• EXERCISE DATA:

-=-=-

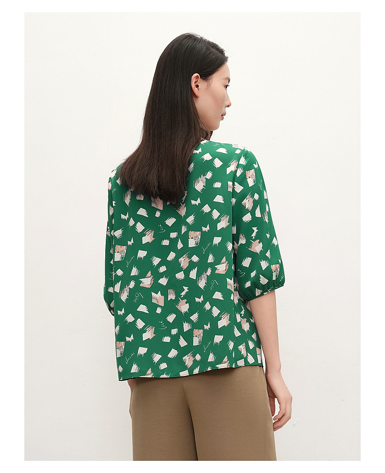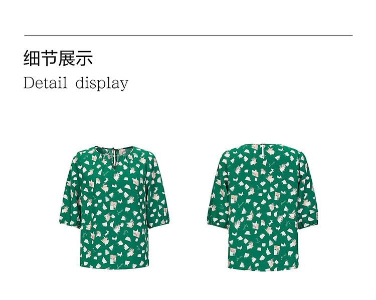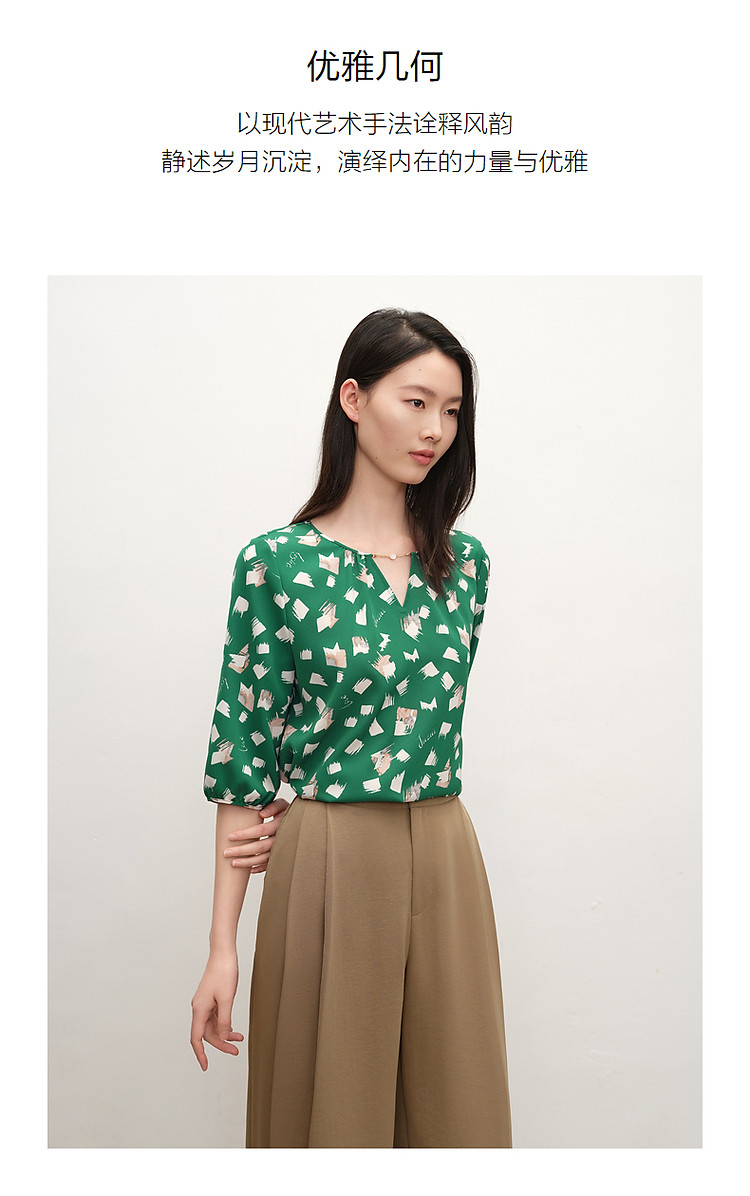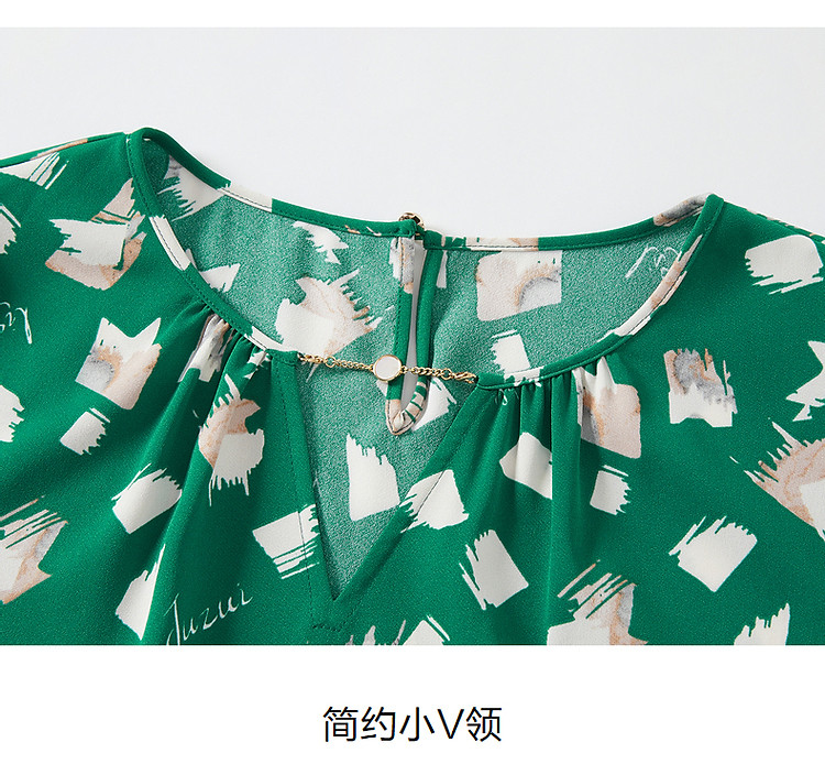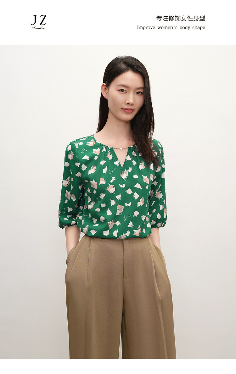 商品名称:玖姿旗下安娜蔻系列优雅清新几何印花中袖雪纺上衣女秋季 529036
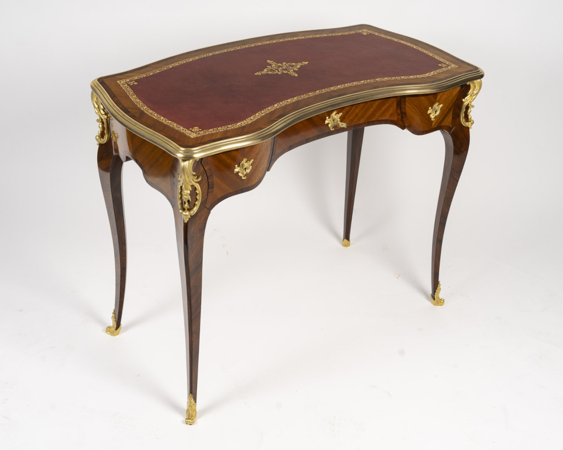 Elégant bureau de dame de forme rognon en placage de bois de rose et palissandre ouvrant en façadeà trois tiroirs de style Louis XV, d'époque Napoléon III (1848-1870).
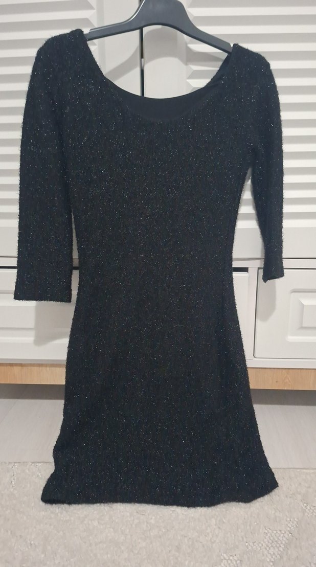 Siyah Triko Midi Elbise, Uzun Kollu, Kayık Yaka

-=-=-

• ACTIVITY:
The listing above is to be retyped word for word, with the pictures omitted.

• WORKED SOLUTION:
 商品名称:玖姿旗下安娜蔻系列优雅清新几何印花中袖雪纺上衣女秋季 529036
 Elégant bureau de dame de forme rognon en placage de bois de rose et palissandre ouvrant en façadeà trois tiroirs de style Louis XV, d'époque Napoléon III (1848-1870).
 Siyah Triko Midi Elbise, Uzun Kollu, Kayık Yaka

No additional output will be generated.